In the meantime I shall meet with friends and talk of fishing instead…
Each year I have a dilemma around March-April when the renewal letter slips through the letterbox. My Sussex syndicate membership is due and I have to ask myself the question, is it worth it? On average I make it down twice a year, which makes each visit quite a luxury plus petrol and it all adds up to an expensive day out. But this year my membership renewal has not arrived, reason unknown. I have asked a friend and member if his renewal has arrived and it seems that he too is in the situation. Hopefully this is an administration problem and all is well with the syndicate.
With the possibility that the syndicate has run into problems and my access to this water could be lost has made me realise that my membership is very important even if I am unable to get down to Sussex as often as I would like. Knowing that I can jump in the car and be by the water within ninety minutes is a tonic. The mill pond is a good size and was dug about three hundred years ago. Below the lilly covered surface is a good head of tench, some large old carp, pike of all sizes plus huge shoals of roach and rudd, in a way it is perfect although sometimes it can be really quite difficult to fish, often it sleeps much to my frustration, but on occasions it has given up some wonderful catches. So now I wait in hope that my membership renewal arrives so that I can continue to fish there and not not just dream of such a place.
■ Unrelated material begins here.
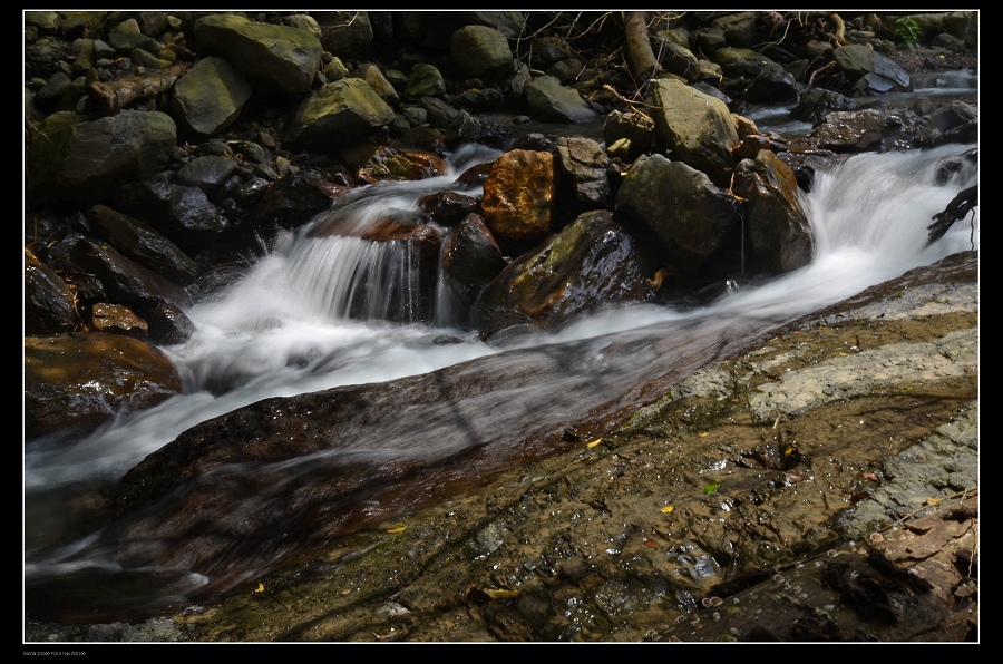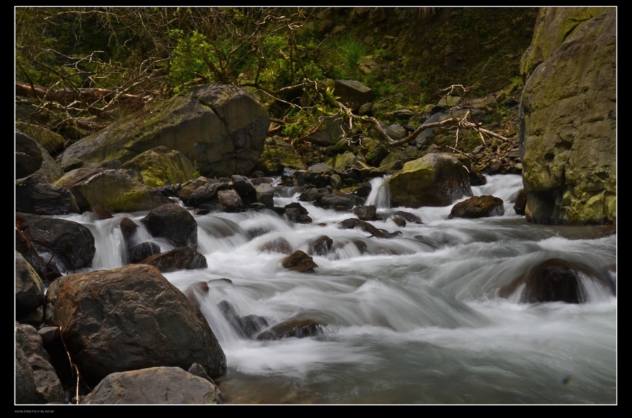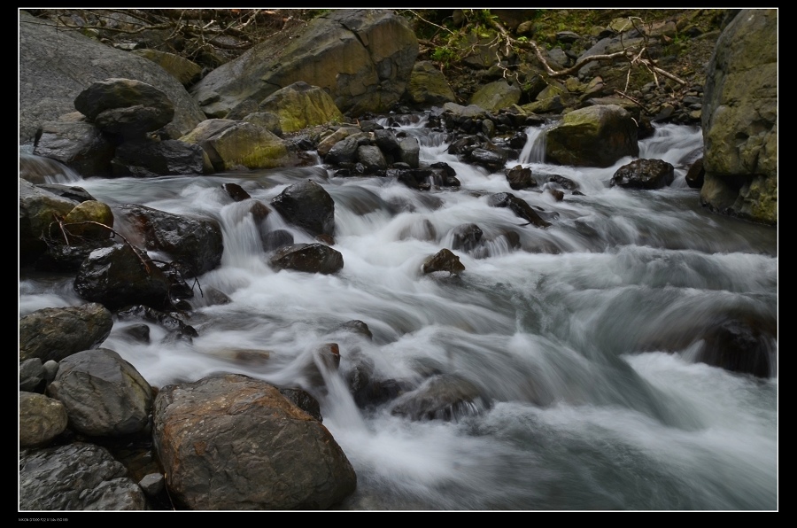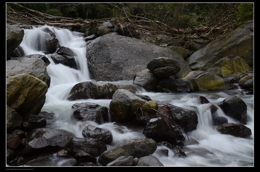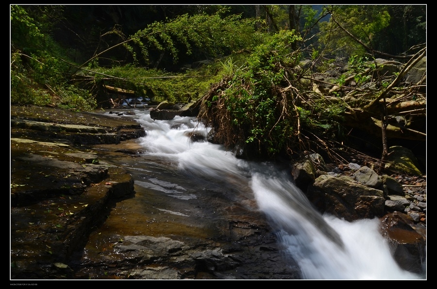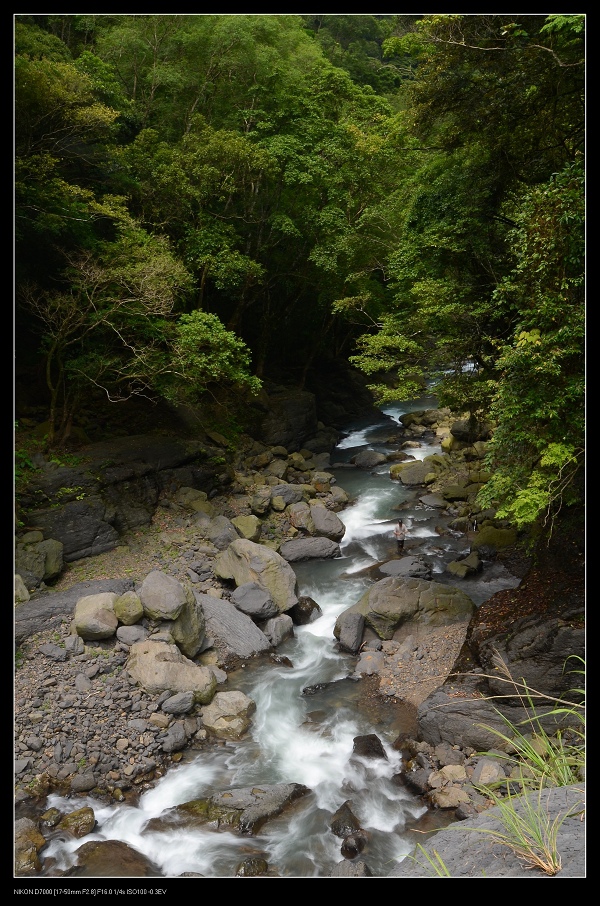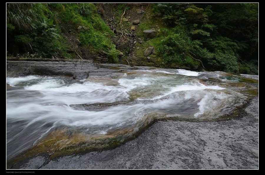 溪谷非常美麗,但可看出這裡很多植被都被大水沖倒,要進心靈谷必須跨過這小溪,要特別提醒因這裡遊客很少,岩盤上都是青苔,非常滑

In London on my wall hangs a postcard from 1931 which shows the mill pond, little has changed, perhaps the same carp are still alive from when that photograph was taken? An eighty three year old carp, well it’s possible?
Looking back it seems we all experienced the local pond in some form or other, whether it was a village pond or a lake in a park. In hindsight to those of a certain age I think the illustrations in Ladybird books had a lot to do with such halcyon memories, launching wooden toy yachts or fishing for fry with a net, but for me I remember quite vividly trying to catch the goldfish from Lindfield Pond in Sussex until a prim old lady from the local parish and resident of the private road that ran along side the pond, would come over and tick me off then send me packing.
These ponds seem to have certain features, an island and a willow tree, a few mallards, possibly a pair of swans and occasionally an unwanted pet terrapin would break the surface for air. In the winter the pond would seem quiet, almost lifeless but as spring warmed, frog spawn would appear in the shallows, while water boatmen would skit about on the surface film. The spring would also bring fry darting about in the margins, while roach, rudd, orfe and goldfish (often discarded pets) would swim in shoals in the deeper water. As a boy these signs of life were potential targets, armed with the most basic of equipment and a worm or a blob of bread, this is where many boys dreams began, hunting for fish and larger monsters of the deep. Chris Yates In ‘Casting at the Sun’ writes of his first encounter with the local village pond in Burgh Heath, Surrey and his attempt to capture a golden carp with his ‘boys’ fishing kit. These experiences seem to be the spark for so many life-long anglers.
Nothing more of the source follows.